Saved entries

⁂

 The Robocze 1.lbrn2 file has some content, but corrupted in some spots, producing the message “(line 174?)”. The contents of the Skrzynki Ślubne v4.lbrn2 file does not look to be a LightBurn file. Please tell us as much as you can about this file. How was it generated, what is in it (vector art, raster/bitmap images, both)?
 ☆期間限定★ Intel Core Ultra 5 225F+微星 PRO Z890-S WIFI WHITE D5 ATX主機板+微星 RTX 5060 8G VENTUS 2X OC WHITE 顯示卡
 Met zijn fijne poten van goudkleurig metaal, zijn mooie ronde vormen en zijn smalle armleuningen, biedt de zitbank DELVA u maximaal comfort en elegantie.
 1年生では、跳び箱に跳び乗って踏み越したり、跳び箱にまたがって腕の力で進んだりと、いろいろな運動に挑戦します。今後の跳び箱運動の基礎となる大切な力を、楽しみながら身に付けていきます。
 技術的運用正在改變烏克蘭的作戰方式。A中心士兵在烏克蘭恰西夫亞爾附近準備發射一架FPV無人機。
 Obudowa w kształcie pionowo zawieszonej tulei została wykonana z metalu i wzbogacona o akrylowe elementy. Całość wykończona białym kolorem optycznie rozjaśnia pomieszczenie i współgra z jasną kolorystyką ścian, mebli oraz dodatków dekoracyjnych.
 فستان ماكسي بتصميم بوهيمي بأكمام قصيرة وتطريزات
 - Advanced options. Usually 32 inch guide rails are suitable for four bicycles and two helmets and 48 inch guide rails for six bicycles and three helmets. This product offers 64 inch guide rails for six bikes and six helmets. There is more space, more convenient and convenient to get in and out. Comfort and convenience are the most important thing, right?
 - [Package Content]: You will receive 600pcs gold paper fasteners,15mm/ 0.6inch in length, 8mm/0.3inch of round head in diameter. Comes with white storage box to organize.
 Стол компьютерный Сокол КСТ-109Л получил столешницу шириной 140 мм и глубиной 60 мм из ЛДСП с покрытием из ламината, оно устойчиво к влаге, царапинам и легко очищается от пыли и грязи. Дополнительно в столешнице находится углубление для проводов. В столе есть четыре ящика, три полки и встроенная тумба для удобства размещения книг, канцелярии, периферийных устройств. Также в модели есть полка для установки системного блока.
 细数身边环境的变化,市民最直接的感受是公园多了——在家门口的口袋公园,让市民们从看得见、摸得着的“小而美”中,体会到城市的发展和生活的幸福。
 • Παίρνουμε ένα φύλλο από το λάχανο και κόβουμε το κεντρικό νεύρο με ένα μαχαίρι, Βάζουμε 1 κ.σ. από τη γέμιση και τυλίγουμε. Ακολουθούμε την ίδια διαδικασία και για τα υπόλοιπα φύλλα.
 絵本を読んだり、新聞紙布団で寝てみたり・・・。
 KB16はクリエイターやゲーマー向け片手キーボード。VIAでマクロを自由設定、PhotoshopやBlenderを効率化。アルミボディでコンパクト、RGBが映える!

⁂

§ **Your goal**
Take the lines above and retype all of them exactly.

§ **Solution to the problem**
 The Robocze 1.lbrn2 file has some content, but corrupted in some spots, producing the message “(line 174?)”. The contents of the Skrzynki Ślubne v4.lbrn2 file does not look to be a LightBurn file. Please tell us as much as you can about this file. How was it generated, what is in it (vector art, raster/bitmap images, both)?
 ☆期間限定★ Intel Core Ultra 5 225F+微星 PRO Z890-S WIFI WHITE D5 ATX主機板+微星 RTX 5060 8G VENTUS 2X OC WHITE 顯示卡
 Met zijn fijne poten van goudkleurig metaal, zijn mooie ronde vormen en zijn smalle armleuningen, biedt de zitbank DELVA u maximaal comfort en elegantie.
 1年生では、跳び箱に跳び乗って踏み越したり、跳び箱にまたがって腕の力で進んだりと、いろいろな運動に挑戦します。今後の跳び箱運動の基礎となる大切な力を、楽しみながら身に付けていきます。
 技術的運用正在改變烏克蘭的作戰方式。A中心士兵在烏克蘭恰西夫亞爾附近準備發射一架FPV無人機。
 Obudowa w kształcie pionowo zawieszonej tulei została wykonana z metalu i wzbogacona o akrylowe elementy. Całość wykończona białym kolorem optycznie rozjaśnia pomieszczenie i współgra z jasną kolorystyką ścian, mebli oraz dodatków dekoracyjnych.
 فستان ماكسي بتصميم بوهيمي بأكمام قصيرة وتطريزات
 - Advanced options. Usually 32 inch guide rails are suitable for four bicycles and two helmets and 48 inch guide rails for six bicycles and three helmets. This product offers 64 inch guide rails for six bikes and six helmets. There is more space, more convenient and convenient to get in and out. Comfort and convenience are the most important thing, right?
 - [Package Content]: You will receive 600pcs gold paper fasteners,15mm/ 0.6inch in length, 8mm/0.3inch of round head in diameter. Comes with white storage box to organize.
 Стол компьютерный Сокол КСТ-109Л получил столешницу шириной 140 мм и глубиной 60 мм из ЛДСП с покрытием из ламината, оно устойчиво к влаге, царапинам и легко очищается от пыли и грязи. Дополнительно в столешнице находится углубление для проводов. В столе есть четыре ящика, три полки и встроенная тумба для удобства размещения книг, канцелярии, периферийных устройств. Также в модели есть полка для установки системного блока.
 细数身边环境的变化,市民最直接的感受是公园多了——在家门口的口袋公园,让市民们从看得见、摸得着的“小而美”中,体会到城市的发展和生活的幸福。
 • Παίρνουμε ένα φύλλο από το λάχανο και κόβουμε το κεντρικό νεύρο με ένα μαχαίρι, Βάζουμε 1 κ.σ. από τη γέμιση και τυλίγουμε. Ακολουθούμε την ίδια διαδικασία και για τα υπόλοιπα φύλλα.
 絵本を読んだり、新聞紙布団で寝てみたり・・・。
 KB16はクリエイターやゲーマー向け片手キーボード。VIAでマクロを自由設定、PhotoshopやBlenderを効率化。アルミボディでコンパクト、RGBが映える!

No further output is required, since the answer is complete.